Date: 14, January 2016
At a meeting on January 12, 2016 in Bruxelles the spotlight was put on the lorries in the EU that today do not have contour markings. The question was if it makes sense to introduce an obligation today to add contour markings on all lorries on the EU roads, in other words retrofitting for already registered lorries. The answer was broadly a no!

Contour markings are basically reflective tapes that are placed on the profile of the lorry to make it more visible for other vehicles in the traffic. In July 2008 this was gradually made obligatory for new lorries and trailers in the EU but no requirement for retrofitting.

Study on retrofitting shows great costs but also some benefits

The event presented a study made by the Dutch institute for road safety research SWOV. The main points of the study are that on the basic assumption that around 30% of the accidents involving trucks and other vehicles can be prevented by contour markings there will be net benefits for society from retrofitting on all existing vehicles above 7,5 t. But it comes at a cost. While the price of a meter of reflective tape is relatively low (2-3 €/meter), the accumulated costs for the industry in EU would be up to 500 million euros.

However, the study also showed, that the problem is naturally disappearing. With more and more new trucks, the lorries without contour markings are gradually disappearing from the roads and are expected to have disappeared significantly already in 2020. This applies not least to the lorries on the inter-urban roads, where the reflective markings have greatest effect.

The Commission expresses reluctance to legislate

The Commission, represented by head of unit Mr Szabols Schmidt, commented on the study by focusing on the uncertainties relating to the study and the impacts of contour markings. In 2003 the conclusion had been that there was a case for requirements for new vehicles, but not for retro fitting. It would be too expensive. He added, that today the starting position of the Commission is that the case for retrofitting is getting smaller and smaller every year. At the same time also truck accidents are in same positive development as other accidents – even if without retrofitting of contour markings. It will take time for the Commission to make a proposal, so by the time it is adopted the problem will most likely have disappeared.

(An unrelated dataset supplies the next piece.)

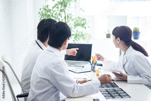 Obraz premium 白衣の女性と男性二人で会議をしている風景
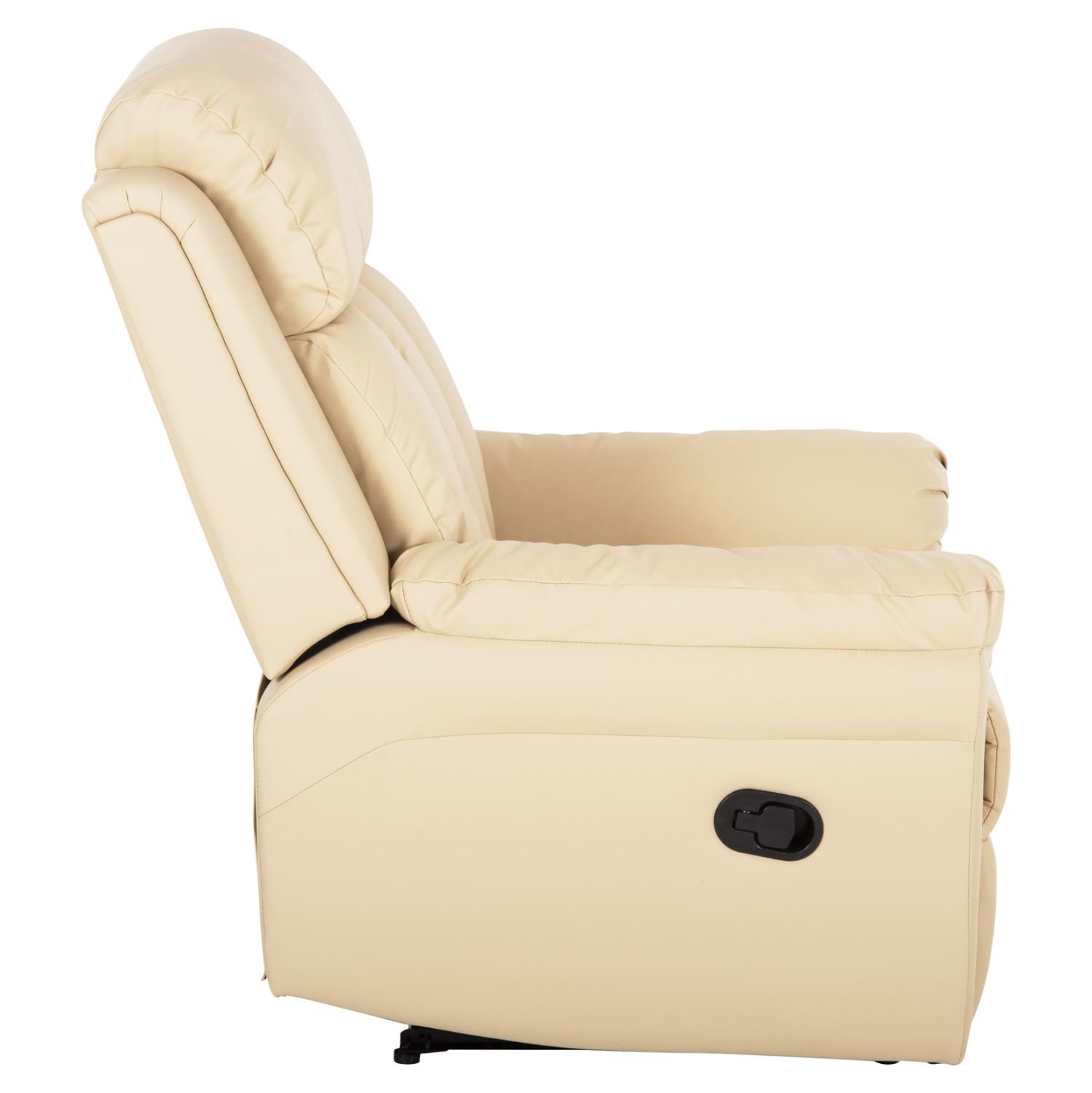 Η HAPPER με επένδυση από ΕΚΡΟΥ PU leather, είναι μια όμορφη πολυθρόνα που θα σας ενθουσιάσει. Οπτικά, γεμίζει τις αισθήσεις όλων με τις πλούσιες διαστάσεις και τα αναπαυτικά μαξιλάρια της. Η πλάτη είναι ψηλή ενώ το βαθύ κάθισμα και τα μπράτσα σε προκαλούν να απλώσεις τα χέρια σου επάνω στα πλούσια μαξιλάρια τους. Και όταν γυρνάτε από την δουλειά και θέλετε να χαλαρώσετε μπροστά στην τηλεόρασή σας, ή να διαβάσετε την εφημερίδα σας, ή το αγαπημένο σας βιβλίο μπροστά στο παράθυρο ή το τζάκι, τότε ο μηχανισμός relax με τον μοχλό στην εξωτερική πλευρά του μπράτσου σε συνδυασμό με το πτυσσόμενο υποπόδιο θα σας προσφέρει ανεπανάληπτες στιγμές χαλάρωσης.

Instead focus should be in the many other issues that concerns road safety for lorries: general safety, alcolocks, drivers training, emergency break systems, skills and competences

The industry is sceptical

NLA expressed at the meeting same concern as the Commission. “Our members are already doing a lot for road safety and spending many ressources on it. But the priorities are different in different countries. In Norway there are concerns about winter driving skills, in Denmark concerns about lorries and bicyclists, in Sweden there is the ambition of zero raod deaths… To ask our members to invest millions in reflective markings – because of a decision in the EU – should only be done if the evidence is crystal clear. What the study showed us was not crystal clear. It was a study based on old data, not taking into account the improved safety of trucks that has taken place recent years and thus the conclusion tends to turn in the wrong direction,” stated NLAs CEO Søren H Larsen at the meeting.

In the end the representative of SWOV had to clarify, that the study is talking about a modest and small number of accidents and that many other crashes and accidents, which would not be prevented by contour markings, are also important.

Best practices and focus on safety

In the end there was emerging a consensus in the room, that if anything should be done about contour-marking it should be on a voluntary basis, because an operator finds it makes sense for his trucks.

In concluding ETSC focused on contour markings being only one of many measures, and that since it was a problem that was disappearing – because the old trucks are disappearing – it could make sense to focus on more voluntary/best practice solutions rather than legislation to make more lorries more visible.